Antyodaya Express will be a fully unreserved Superfast Express class of trains which will run on dense routes. A few unreserved additional coaches called "Deen Dayalu" coaches will be added to long distance trains. These coaches will have potable water and mobile charging ports. The Mahamana Express between Delhi and Varanasi was announced with upgraded coaches.

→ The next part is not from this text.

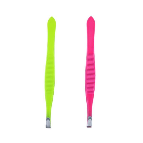 2 Pack Pink & Yellow Flat Tip Tweezers

Humsafar Express, an AC 3-tier service with optional meal service, targeted at the middle class was announced. Tejas will be a semi-high speed train with a speed of 130 km/h. It will provide onboard WiFi, entertainment and local cuisine. Uday Express or Utkrisht Double Decker Air Conditioned Yatri Express will be double-decker trains with 40% additional passenger capacity. They will run overnight on busy routes. Three new freight corridors were announced: Delhi to Chennai, Kharagpur to Mumbai, and Kharagpur to Vijaywada.

===Other===
A Special Unit for Transportation Research and Analytics (SUTRA) was announced to datamine the 1TB of data collected annually by the railways. It was reported that an audit of operations in the Ghaziabad to Mughalsarai section has been started. The heavy traffic section used to affect the entire network. Following the audit, some improvement in punctuality were observed.

==Responses==
Prime Minister Narendra Modi called the budget passenger-centric and said that it caters to all sections of the society. Transport Minister Nitin Gadkari called the budget reformative and claimed that it will change the basic infrastructure of the railways.

The Aam Aadmi Party in a statement called the budget oblivious to the needs of the common man. It claimed that the budget panders to the corporations. It also pointed out that the benefit of falling oil prices were not passed on to the passengers. INC leader Shashi Tharoor said that the budget seemed like corporate presentation and that it had no concrete proposals for changes in the services.

Odisha Chief Minister Naveen Patnaik welcomed the increased allocation of funds towards his state, a 30% increase from 2015. He also praised the extension of the Kharagpur to Vijayawada freight corridor. Gujarat Chief Minister Anandiben Patel praised the railway budget for the facilities provided to senior citizens and women.

The stock market index SENSEX fell 113 points after the announcement. The stock values of companies in the railway sector also fell.